### Task
Exactly as written, please repeat the data that follows, but not the pictures.

### Source data

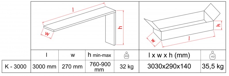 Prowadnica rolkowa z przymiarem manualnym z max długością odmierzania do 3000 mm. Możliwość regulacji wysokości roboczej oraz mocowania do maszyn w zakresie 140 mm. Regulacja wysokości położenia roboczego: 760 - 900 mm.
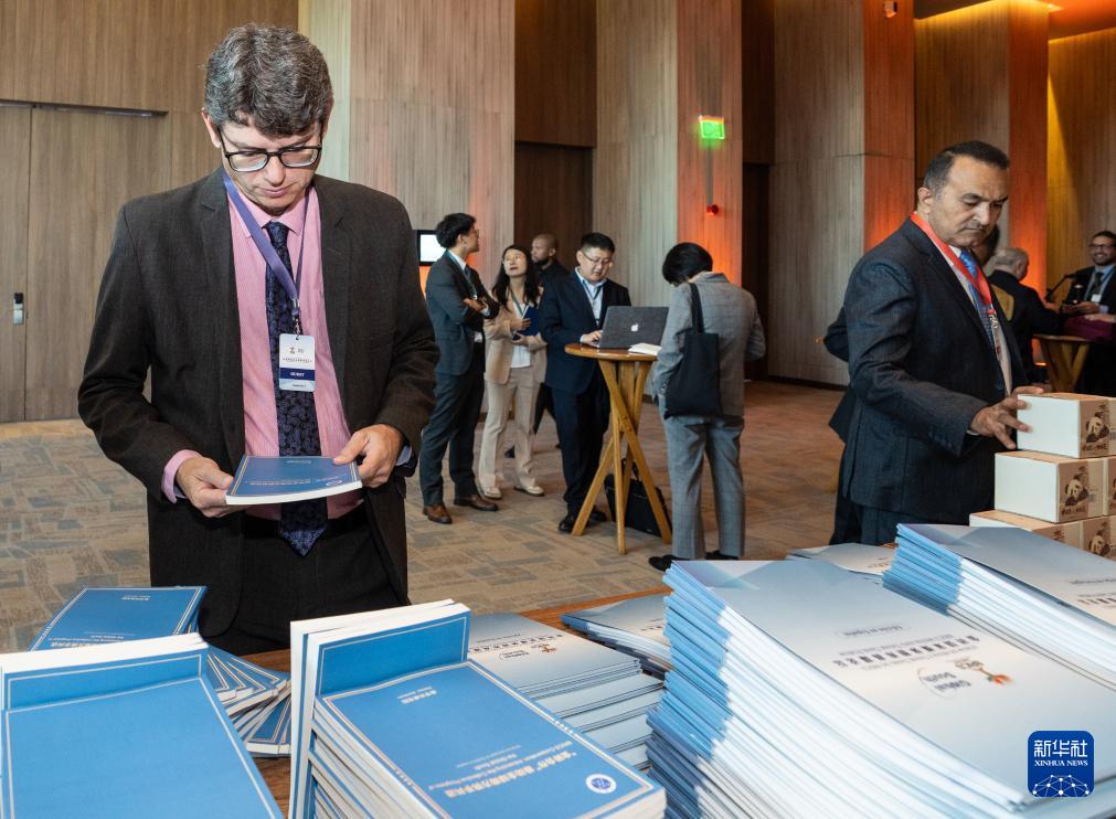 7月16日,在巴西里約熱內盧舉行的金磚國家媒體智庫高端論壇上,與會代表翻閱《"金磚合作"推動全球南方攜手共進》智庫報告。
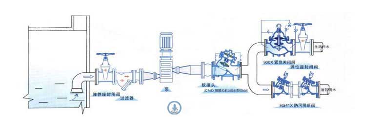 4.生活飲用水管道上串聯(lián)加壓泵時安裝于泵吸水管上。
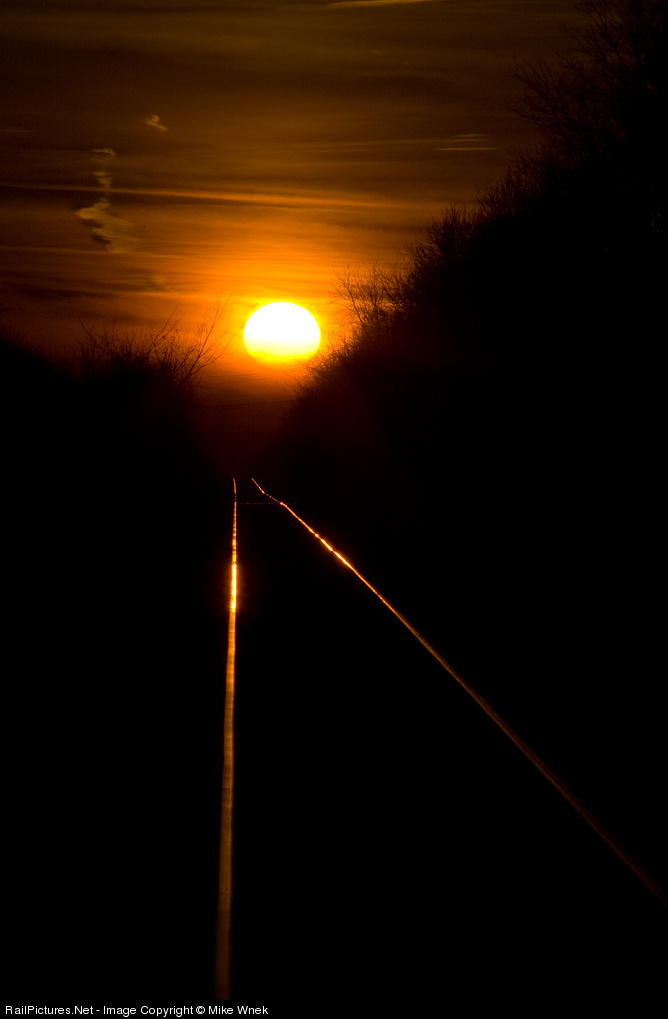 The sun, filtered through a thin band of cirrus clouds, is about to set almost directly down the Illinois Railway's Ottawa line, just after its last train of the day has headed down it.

### Response for this exercise
 Prowadnica rolkowa z przymiarem manualnym z max długością odmierzania do 3000 mm. Możliwość regulacji wysokości roboczej oraz mocowania do maszyn w zakresie 140 mm. Regulacja wysokości położenia roboczego: 760 - 900 mm.
 7月16日,在巴西里約熱內盧舉行的金磚國家媒體智庫高端論壇上,與會代表翻閱《"金磚合作"推動全球南方攜手共進》智庫報告。
 4.生活飲用水管道上串聯(lián)加壓泵時安裝于泵吸水管上。
 The sun, filtered through a thin band of cirrus clouds, is about to set almost directly down the Illinois Railway's Ottawa line, just after its last train of the day has headed down it.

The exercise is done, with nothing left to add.